We hypothesized that 7 new ICs were expressed in T cells and Treg (Figure 3C-D). To examine this hypothesis, we searched for single cell RNA-sequencing (scRNA-Seq) data at MIT-Broad Institute Single Cell Portal database. We identified a scRNA-Seq dataset from lymph nodes [50], where gene expressions at T cell and Treg were characterized, suggesting that the scRNA-Seq data were patho-physiologically relevant. The RNA expressions of 7 new ICs including CEP55, CD38, EHD4, CD200R1, PRC1, RAPH1, and CD86 were found in five T cell populations including CD4⁺ T cells, CD8⁺ T cells, mitotic T cells, tissue T cells and Treg [50]. Since all the scRNA-Seq data were from the same dataset and statistically comparable, the RNA expressions of five best characterized ICs such as CTLA4, KLRG1, LAG3, PD1 and TIGIT were also found in CD4⁺ T cells, CD8⁺ T cells, mitotic T cells, tissue T cells and Treg. All the 5 best characterized ICs and 7 new ICs had the highest expression in mitotic T cells except CD38. The expression levels of five best characterized ICs in Treg except LAG3 were above 5, whereas the expression levels of 7 new ICs in Treg were lower than 5 except EHD4. The expression ratio between CD8⁺ T cells versus CD4⁺ T cells in the 5 best characterized ICs were larger than 1 for CTLA4, PD-1 and TIGIT whereas the expression ratio between CD8⁺ T cells versus CD4⁺ T cells in the 7 new ICs were ≥ 1 except CD38, CD200R1, and RAPH1. Taken together, our results using scRNA-Seq data once again demonstrated that 7 new ICs were expressed in CD4⁺ T cells, CD8⁺ T cells, mitotic T cells, tissue T cells and Treg; and the expression patterns of 7 new ICs were slightly different from that of 5 best characterized ICs in T cells and Treg but similar.

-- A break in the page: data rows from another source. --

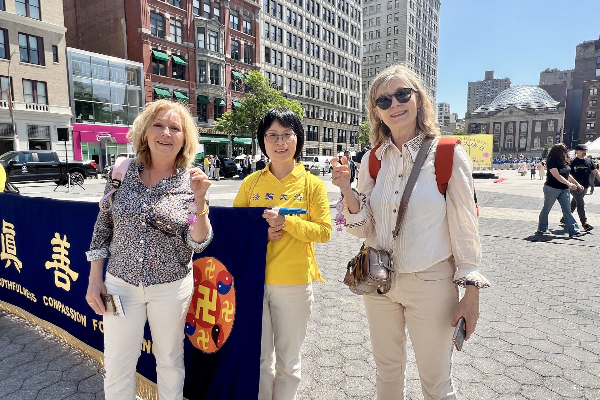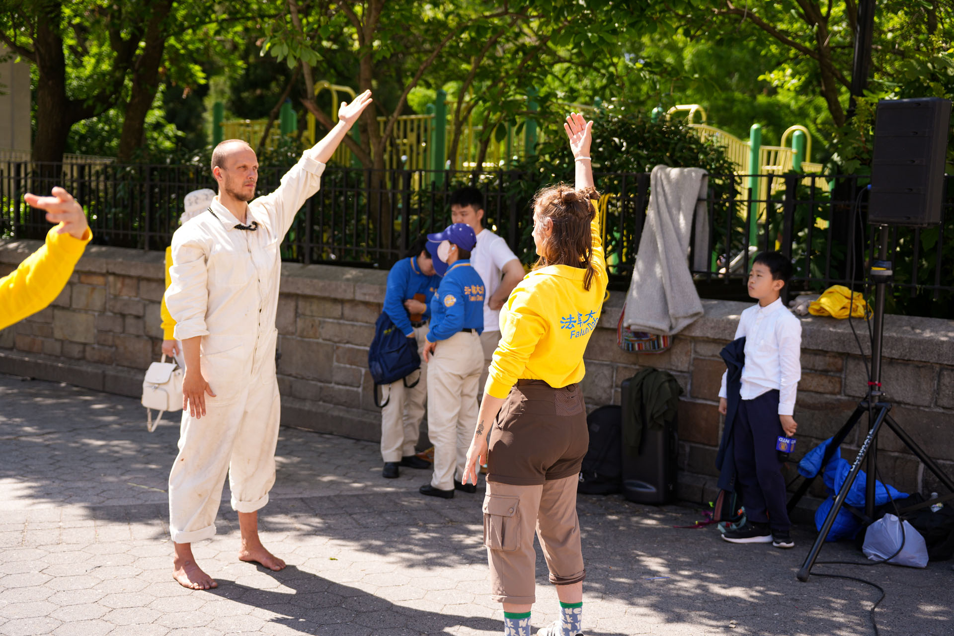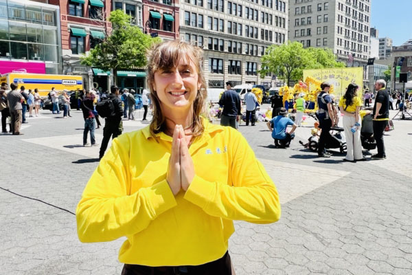 来自长岛的妮可·菲尼(Nicole Feeney)特意来到联合广场,向路人传递法轮大法的资料,并义务教有兴趣者学炼五套功法。她表示,是法轮大法当初使她从混乱与焦虑中走出,找回真正的自己。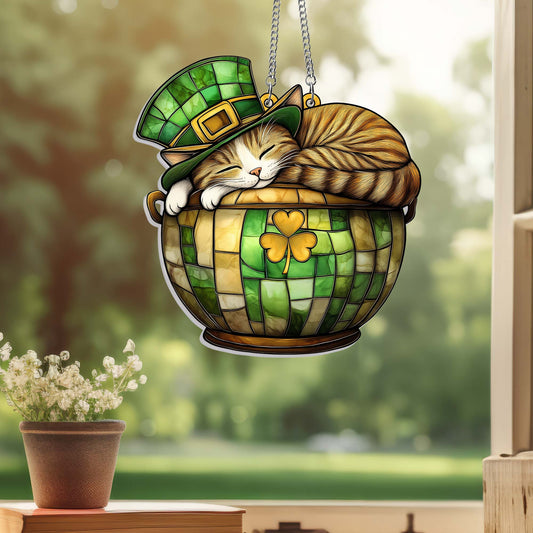 St. Patrick's Day Cat in Lucky Clover Pot Suncatcher Acrylic Hanging Sign MLN4770AS
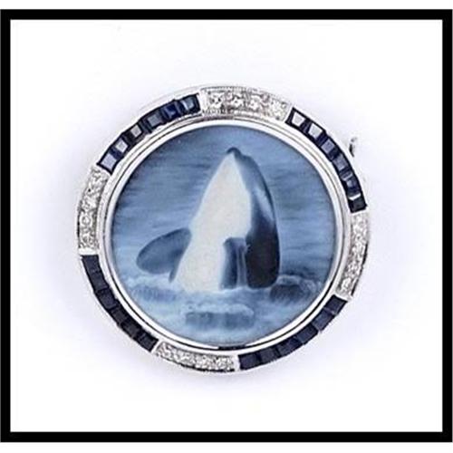 This beautiful brooch has a nice whale design in an onyx cameo and charming contrasting colors. This round cameo is surrounded by 16 square cut diamonds what weigh .15 carats TW and 24 square cut sapphires that weigh approximately 1.25 carats TW. The brooch measures 25 millimeters (1 inch) in diameter.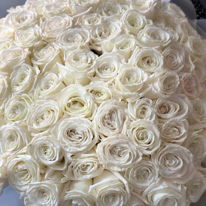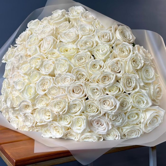 роза пионовидная плая бланка – 99 шт.матовая прозрачная корейская пленка – 4 шт.Лента атласная – 2 шт.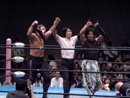 勝ち名乗りを受ける(左写真)。ミラクル「大阪のリングで好き勝手やりやがって。一回じゃ終わらさんぞ。何か理由付けてやってやる。」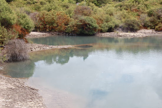Direkt neben unserem Campground ist ebenfalls wie ueberall ein qualmender und stinkender Wassertuempel. Ausserdem gibt es einen Erdofen, in dem man sein Essen durch Erdwaerme garen kann und natuerliche heisse Pools, die man kostenlos nutzen darf, herrlich.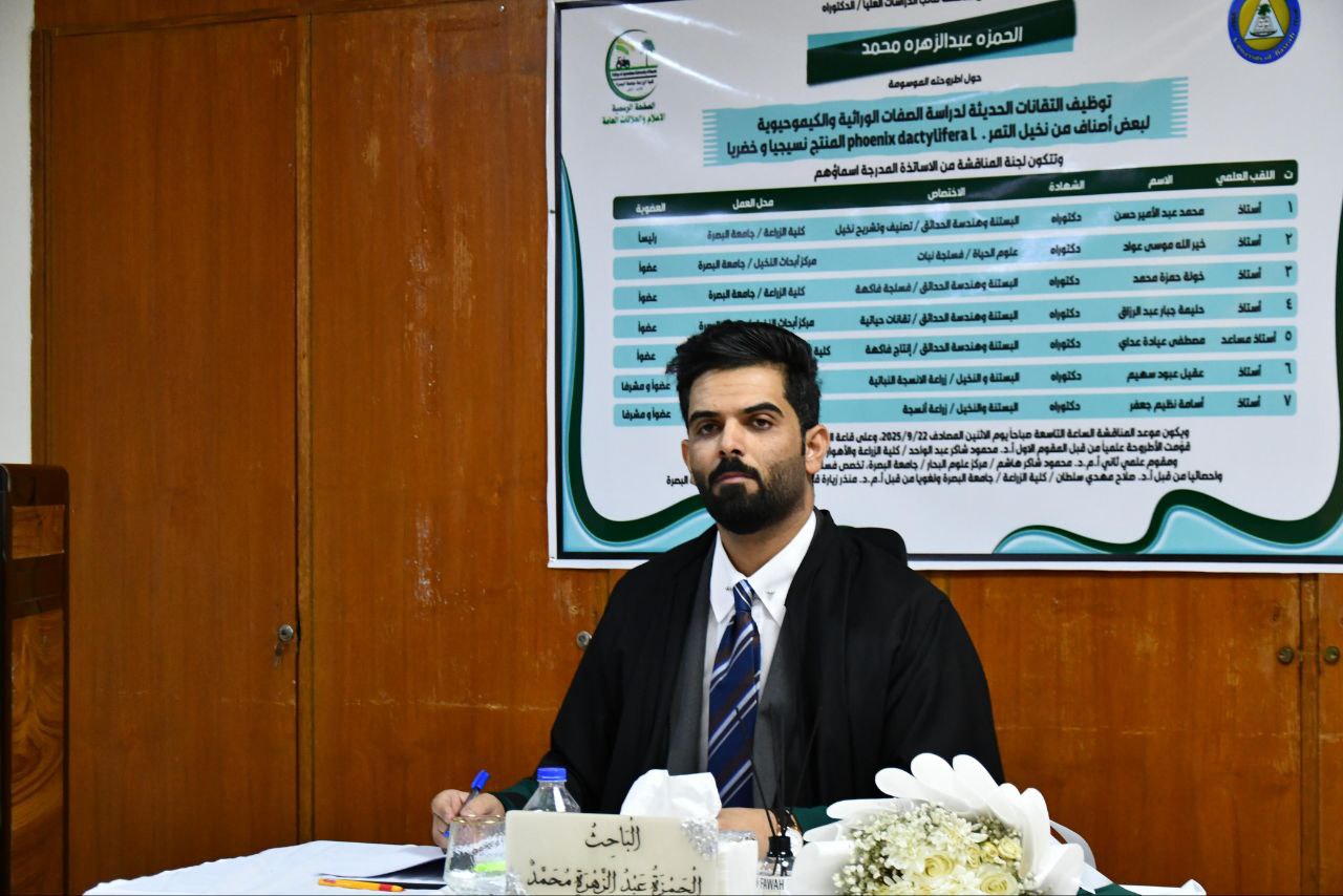 بحثت اطروحة الدكتوراة في كلية الزراعة بجامعة البصرة عن "توظيف التقانات الحديثة لدراسة الصفات الوراثية و الكيموحيوية لبعض أصناف من نخيل التمورالمنتج نسيجياً و خضرياً " .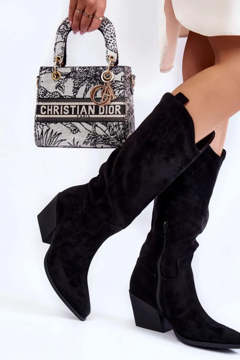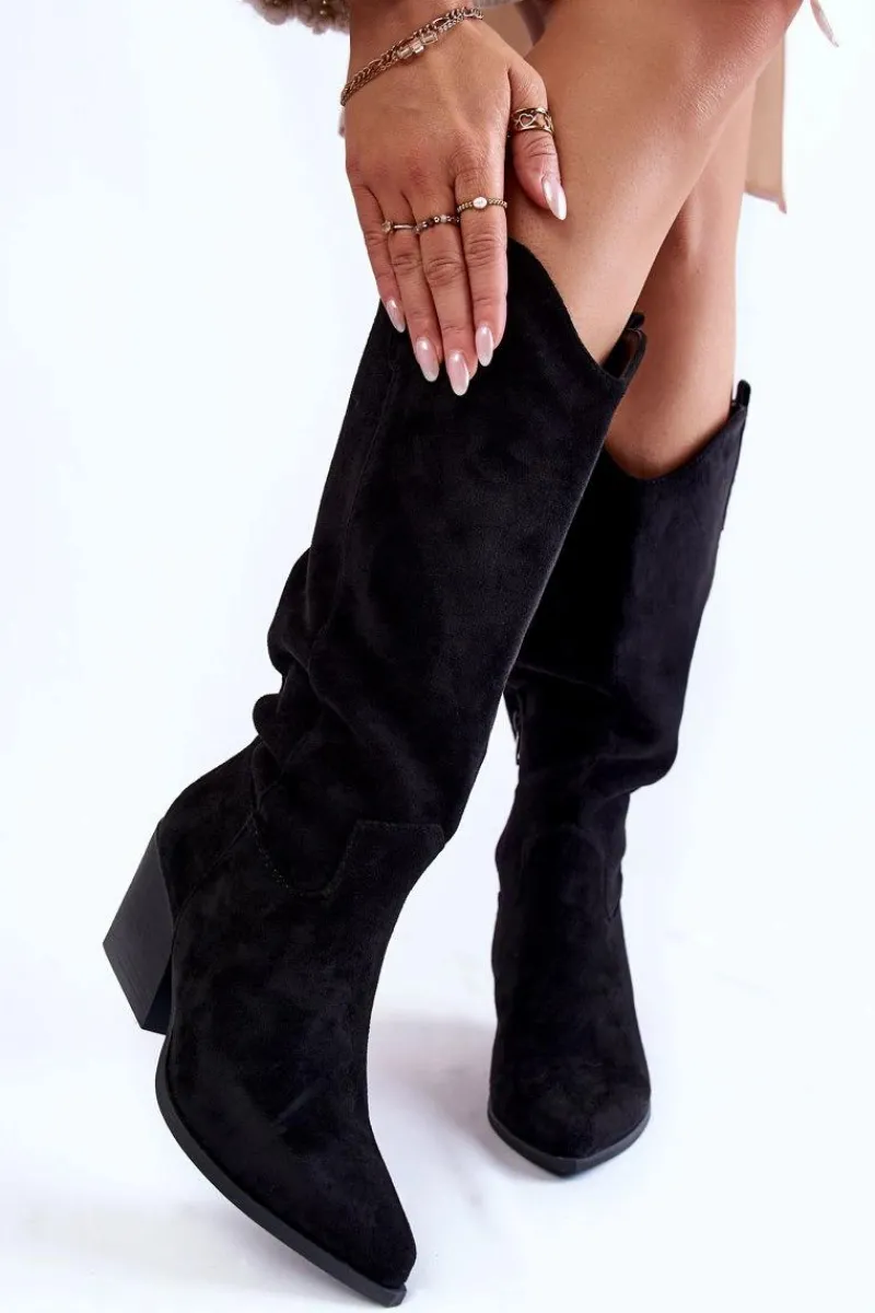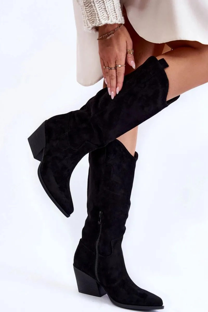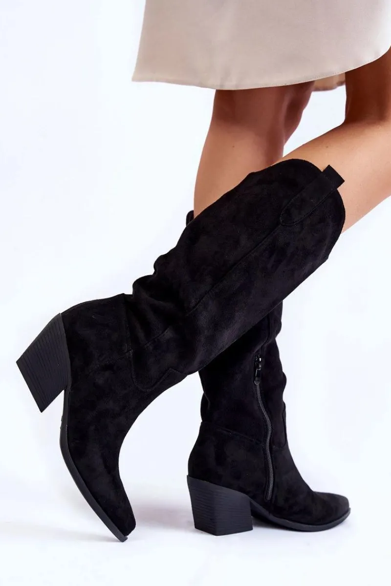 Modne kozaki-kowbojki uzupełnią wiele Twoich jesiennych stylizacji! Model wykonany z miłego eko zamszu. Kozaki są wsuwane, a także posiadają zamek z boku cholewki. Osadzone na obcasie w postaci masywnego słupka. Ocieplone wewnątrz kocem obuwniczym. Nosek w szpic optycznie wysmukli nogi. Kozaki posiadają usztywniany zapiętek. Przy wyborze rozmiaru prosimy sugerować się tabelą rozmiarów.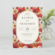 This vibrant wedding invitation features a lively floral pattern with rich reds, oranges, and creams, creating an energetic yet elegant atmosphere. The central oval frame elegantly displays the text in a classic serif font, adding a touch of sophistication to the design. Perfect for a spring or summer celebration, this invitation exudes warmth and joy, inviting guests to partake in a memorable occasion filled with dinner and dancing. Its customizable layout allows you to personalize it for your special day, ensuring every detail reflects your unique style.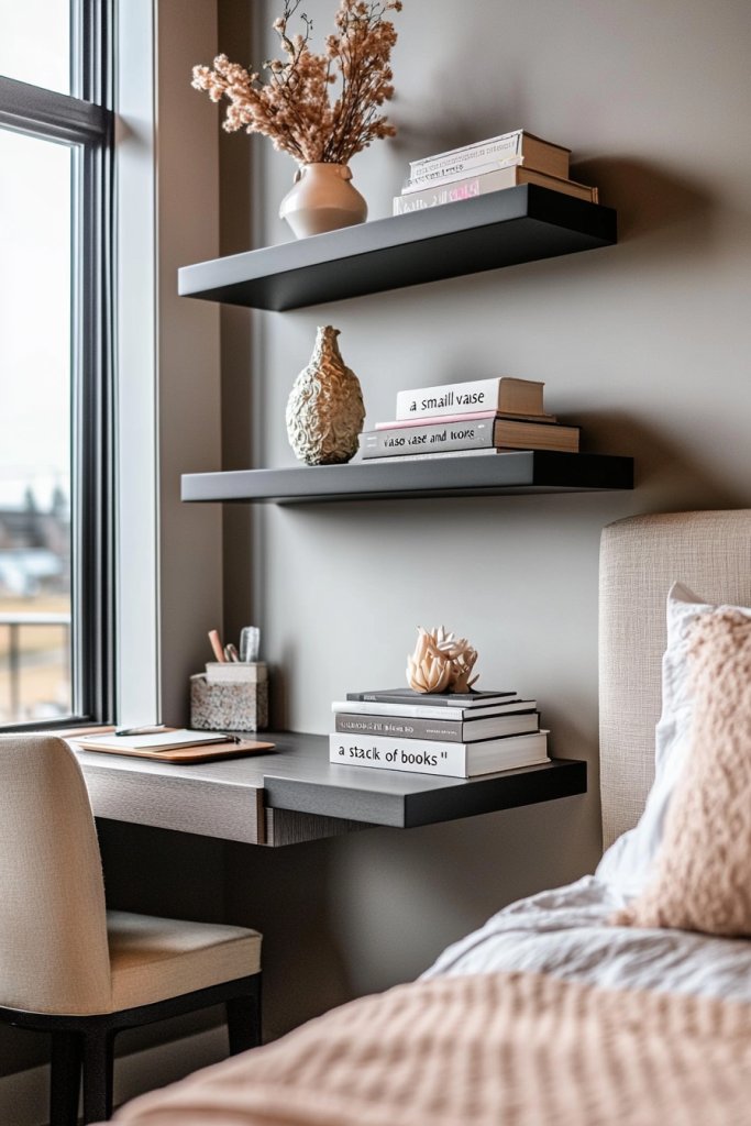 2. Floating Shelves for Decor and Organization

To further consolidate the expression patterns of the seven newly identified IC candidates and their corresponding ligands, we generated two complementary summary tables by integrating curated public transcriptomic resources from the Human Protein Atlas (HPA) and ImmGen. The expression of those seven ICs in Tregs and conventional T cells from both human and mouse is summarized in Figure 3E. This table provides a qualitative overview of relative cell-type bias (e.g., enriched, detected, or low/subset-specific), enabling cross-species comparison without reliance on quantitative expression thresholds. Notably, the summarized expression patterns confirm that the newly identified IC receptors and their corresponding ligands are indeed expressed in the expected immune cell compartments, supporting our hypothesis that these candidates participate in immune checkpoint-mediated regulatory networks. In parallel, given the larger number of candidate ligands, the expression patterns of 46 newly identified IC ligands across antigen-presenting cells were compiled in a separate Supplementary Table 1. Human APC expression was curated from HPA immune cell datasets, which primarily include monocytes and dendritic cells derived from peripheral blood, whereas mouse APC expression, including macrophage populations was assessed using Immunological Genome Project (ImmGen) datasets. Together, these tables complement the single-cell RNA-seq analysis shown in Figure 3 by integrating cross-species, multi-dataset expression evidence and providing a structured framework for prioritizing immunosuppressive IC candidates.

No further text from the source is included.